Ahab, the captain of Pequod, embodies the cabal psychopaths in power who are entirely driven by irrational vengeance against the wonders of the Source and the pristine character of Gaia’s nature, and especially against her human and cetacean inhabitants. Moby Dick embodies on the other hand the miracle of life as a divine creation that evades the senseless battle of life and death with the dark Ahab, as this white whale, an incarnation of ascended masters and a guardian of the earth, is fully aware of his immortality. But when confronted by Ahab accepts the challenge and transfigures into God’s vehicle of the Last Judgment.
Moby Dick is essentially the light warrior of the first and the last hour – the mythical, unique white sperm whale, the symbol of purity and elemental force of karmic resolution.

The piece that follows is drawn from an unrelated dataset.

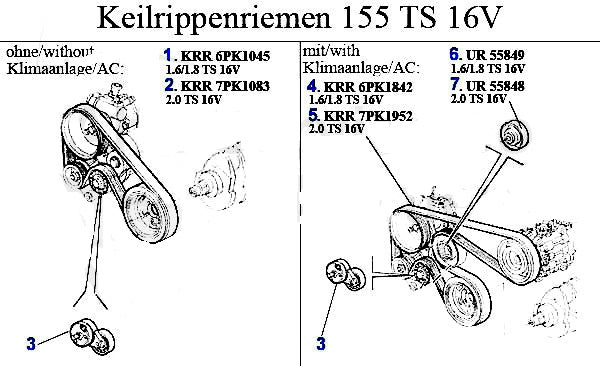 V ribbed belt power steering pump for Alfa Romeo 155 models. #2 in corresponding diagram.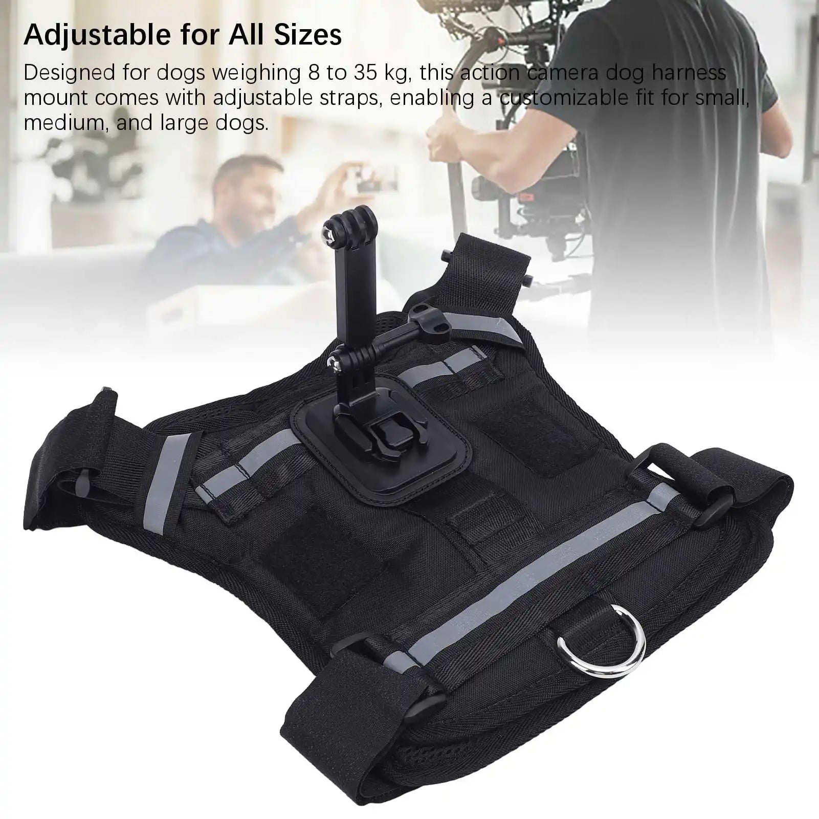 1. Comfortable Padded Design: Featuring a soft, streamlined padded structure, the dog harness vest is skin friendly and comfortable for dogs to wear, ensuring safe fun and happy play time.2. Adjustable for All Sizes: Designed for dogs weighing 8 to 35 kg, this action camera dog harness mount comes with adjustable straps, enabling a customizable fit for small, medium, and large dogs.

And then we have the crew, the rest of humanity, who are divided into blind followers and critical admonishers, but altogether a spineless bunch of people that follow the psychopath in power as long as he is the unquestionable captain and thus put their lives in danger in their blind fealty. This is the destiny of humanity in these final days as described in this novel:
“On the third day of the chase, Ahab sights Moby Dick at noon, and sharks appear as well. Ahab lowers his boat for a final time, leaving Starbuck again on board. Moby Dick breaches and destroys two boats. Fedallah’s corpse, still entangled in the fouled lines, is lashed to the whale’s back, and so Moby Dick turns out to be the hearse Fedallah prophesied. “Possessed by all the fallen angels” (Ch. 135), Ahab plants his harpoon in the whale’s flank. Moby Dick smites the whaleboat, tossing its men into the sea. Only Ishmael survives. The whale now fatally attacks the Pequod. Ahab then realizes that the destroyed ship is the hearse made of American wood in Fedallah’s prophesy. The whale returns to Ahab, who stabs at him again. The line loops around Ahab’s neck, and as the stricken whale swims away, the captain is drawn with him out of sight. Queequeg’s coffin comes to the surface, the only thing to escape the vortex when Pequod sank. For an entire day Ishmael floats on it, and then the Rachel, still looking for its lost seamen, rescues him.”

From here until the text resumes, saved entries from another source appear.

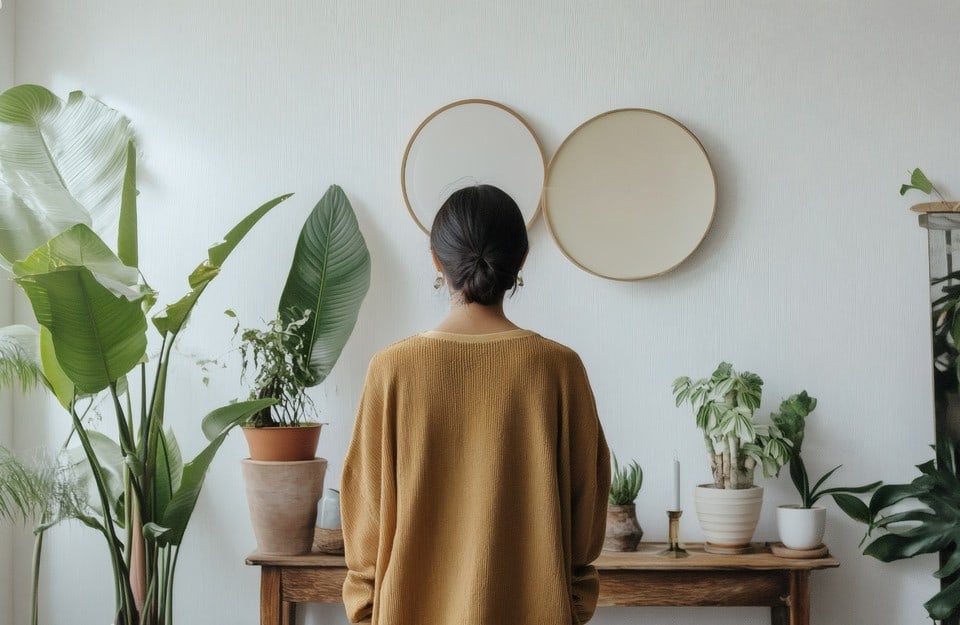 - Specchio con cornice in legno naturale o decapato: amplifica la luce e introduce un elemento di profondità e contemplazione.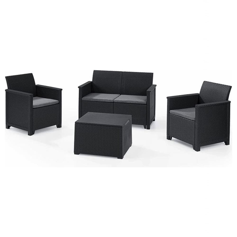 Salotto set rattan divano + 2 poltrone + tavolino contenitore nero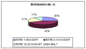 42% (165 de persoane) din persoanele produc intre 5-10 kg de deseuri pe saptamana, 26% produc intre 1-5 kg/sapt., 21% produc intre 10-20 kg/sapt. si numai 11% au ales produc mai mult de 20 kg/sapt.
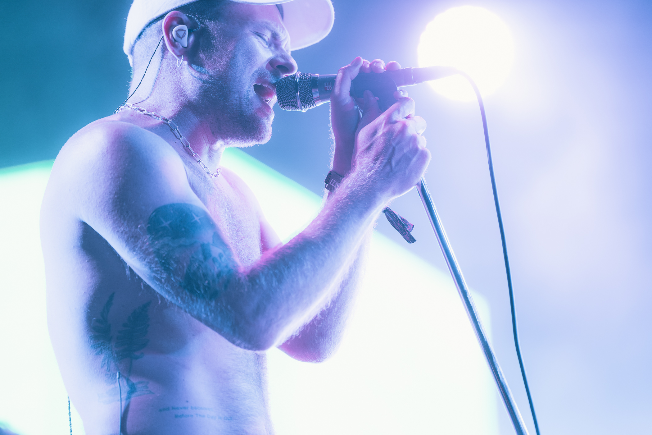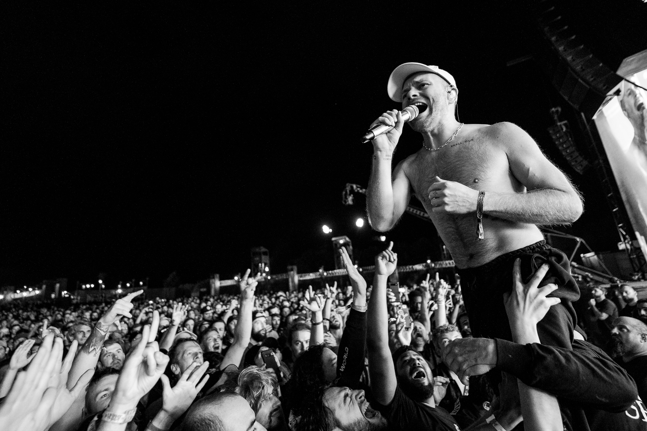 Le morceau se termine et après avoir expliqué rapidement qu’il aimerait monter sur un truc pour le suivant, il finit par abandonner et chanter « Satellites » en plein milieu du public. Chapeau au Challenger rapide qui réussit à le retrouver à ce moment-là et assurera sa sécurité jusqu’à son retour sur scène. Intenable, il remonte la foule par le milieu, puis grimpe sur les épaules d’un mec et finit par rejoindre le reste du groupe en slammant.

The only question that remains to be answered is, whether there will be a “Mutiny on the Bounty“, sorry, on Pequod. The chances are slim, but that is not the question now. Just as Melville transcends the hunting of Moby Dick into an unknown Odyssey of humanity across the endless oceans, so do we transcend our modest lives into a cosmic saga about the most fierce battle ever fought between the forces of light and the dark masters of senseless revenge in this multiverse.
When the doldrums prior to ascension engulf our lives, it is worth it to be aware of the epic battles we fought and won throughout this lifetime on behalf of All-That-Is. We are the Moby Dicks of all multidimensional oceans and ours is the victory even as hunted giants in human gestalt. We are the albinos of the new human races and at present the black sheep in the flock. But this is all part of the game which we have already won in a brilliant manner.
Now we must bring about the patience to overcome the doldrums of ascension in the next few days before the storm will flush us into the paradise of New Lemuria, which we are now creating for ourselves, thus leaving behind all the Ahabs to drown in the oceans in their futile hunt for Moby Dick.